The industry is moving to develop a seamlessly connected embedded world where, for example: a heart monitor embedded into a shirt provides real-time data to the doctor, who can send updated prescriptions to our pharmacist, who can in turn send an alert to our smart watch as we drive home to say the medications are ready to collect…and for our car to automatically update the GPS route to the pharmacy, where we can arrive and pay for the prescriptions using our smartphone.

The key here is that the IoT is not just about connecting things—it is about innovating things. To do this, we need to look at the process a little differently and identify the processing requirements at multiple IoT nodes from the data source through the cloud to the back-end Web serving and processing.

There are a lot of foundational technologies that work well with the IoT. We’ve all seen the emergence of several popular architectures responsible for powering the different waves of the computing timeline: Power, x86, MIPS, and ARM®, to name a few. They have all been, or still are, responsible for enabling key advances in computing.

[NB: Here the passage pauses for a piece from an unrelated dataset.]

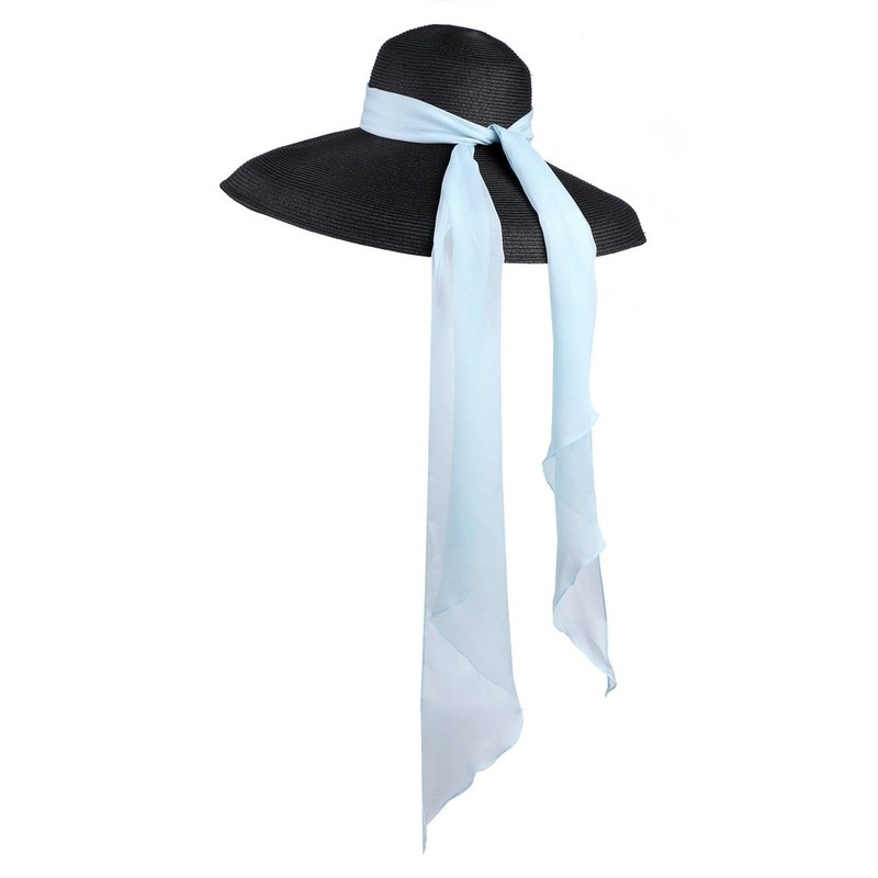 Utopiat | MIU Oversized Straw Holiday | Black Straw Hat with 100% Silk Scarf (Lucid Aqua) |Inspired by BAT's | Audrey Style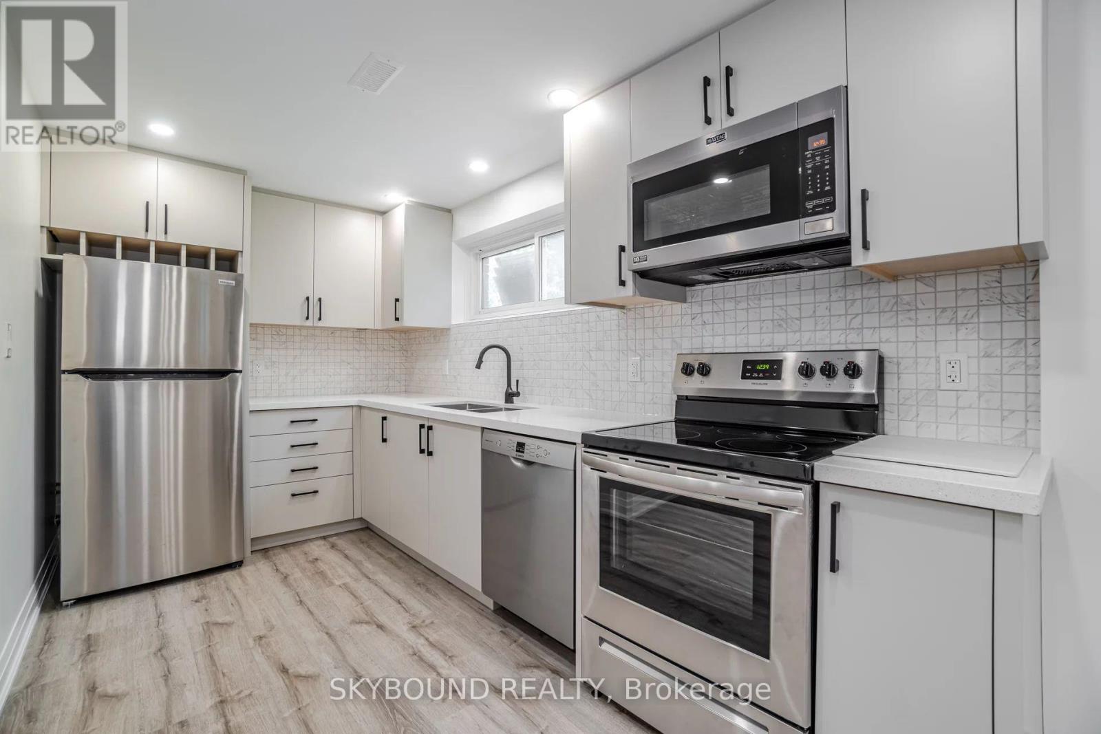 Renovated, Bright and spacious Basement 1+ 1 Bdrm with windows above grade. Bedroom + Den/office area, perfect for those who work from home or need extra space.Seperate entrance for complete privacy. This unit has professionally renovated top to bottom; vinyl floors thru out, new modern kitchen with S/S appliances quarts counter top, Led pot lights thru out. Close to Public Transportation and major Hwy's, Go Train. 15 minutes to both downtown Toronto and Toronto& Pearson Int'l Airport. 10 minutes to Subway, 5 minutes from lake Ontario, Marine Parade Drive, Parks, Trendy Restaurants. All Utilities are included and parking spot. Shared laundry with main floor tenant. (id:50787)

It’s notable that AMD is the only company to embrace and invest in both the 64-bit x86 and ARM architectures. By 2016, x86 and ARM architectures are expected to account for more than 80 percent of the embedded total addressable market (TAM) . Supporting both architectures gives AMD customers the capability to leverage their investments in software as well as balance processing needs depending upon the IoT node’s requirements. In order for the innovation to take place, different kinds of architectures—like x86, ARM and others—are going to be required if IoT breakthroughs are to happen.

One exemplary company success story is Nest. It created 802.11-connected thermostats. A thermostat is not new, but following the success of Nest, connected thermostats and the “smart home”—generally thought of as a home equipped with lighting, heating and electronic devices that can be controlled remotely by phone or computer—is now a market shaped by the IoT. Rather than promoting the IoT as a solution to a problem, we want to look at vertical markets and make the IoT valuable to consumers.

Back to the Future
It is clear from conferences like Embedded World and thousands of media headlines that the IoT is at the front of our minds. One would think the IoT is an overnight sensation. But it’s not. It’s been decades (and depending on the application—take agriculture for example—even centuries or millennia) in the making. The IoT encompasses a broad range of topics with completely new ideas, like wearables, and things that have been around for a long time, such as sensors, or industrial plant and agricultural machinery. In addition to avenues for new value, the IoT is shaping a lot of what is already there.

Back in the 1990s during the foundation of the IoT, an early milestone achieved was connecting one billion people to the Internet. The next phase was in the 2000s, when mobile computing, smartphones and tablets took off quickly, with numbers doubling to two billion connected devices . Now we’re working on the next phase, with an expectation of connecting at least 33 billion units by 2020, of which up to 26 billion are expected to be IoT devices.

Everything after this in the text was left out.